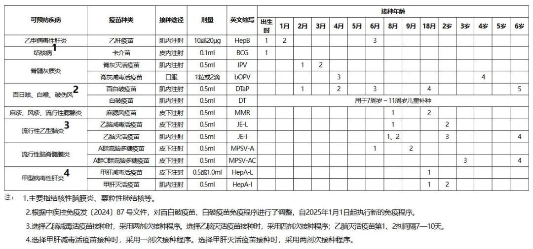 《国家免疫规划疫苗儿童免疫程序》(2025年更新)
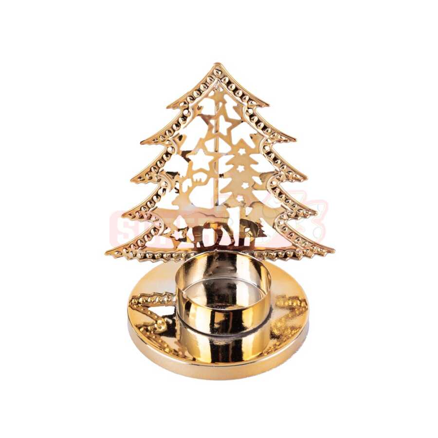 Bu qızılı şam ağacı formalı şam qabı (şamdan) zərif dizaynı ilə bayram süfrənizi işıqlandırmaq və evinizə isti ab-hava gətirmək üçün mükəmməl seçimdir. Metal materialdan hazırlanmış bu dekorativ şamdan parlaq səthi ilə işıqda parıldayır və interyerə lüks görünüş bəxş edir. Üzərindəki şam ağacı və maral fiqurları Yeni İl ruhunu əks etdirərək bayram dekorasiyasını tamamlamaq üçün idealdır. Bu məhsulu Supertoys mağazalarından və onlayn satışdan əldə edə bilərsiniz.
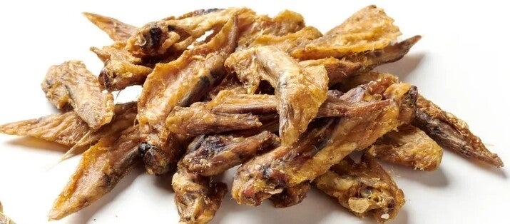 Ein kleiner knackiger, knuspriger Snack für Zwischendurch. Für kleine Hunde sowie für Welpen geeigent. Hähnchenflügel sind luftgetrocknet und naturbelassen. Durch die schonende Trocknung bleibt die weiche Konsistenz der Knochen erhalten, diese können somit nicht splittern. Das macht die Hähnchenflügel zu einem idealen Kauartikel für Welpen und Junghunde die langsam an das Kauen und an Kauartikel gewöhnt werden.

# Your goal:
The line with "Bu qızılı şam" ends the range, and the first line of the data begins it; repeat exactly those lines and nothing more, omitting pictures.

# Task result:
 《国家免疫规划疫苗儿童免疫程序》(2025年更新)
 Bu qızılı şam ağacı formalı şam qabı (şamdan) zərif dizaynı ilə bayram süfrənizi işıqlandırmaq və evinizə isti ab-hava gətirmək üçün mükəmməl seçimdir. Metal materialdan hazırlanmış bu dekorativ şamdan parlaq səthi ilə işıqda parıldayır və interyerə lüks görünüş bəxş edir. Üzərindəki şam ağacı və maral fiqurları Yeni İl ruhunu əks etdirərək bayram dekorasiyasını tamamlamaq üçün idealdır. Bu məhsulu Supertoys mağazalarından və onlayn satışdan əldə edə bilərsiniz.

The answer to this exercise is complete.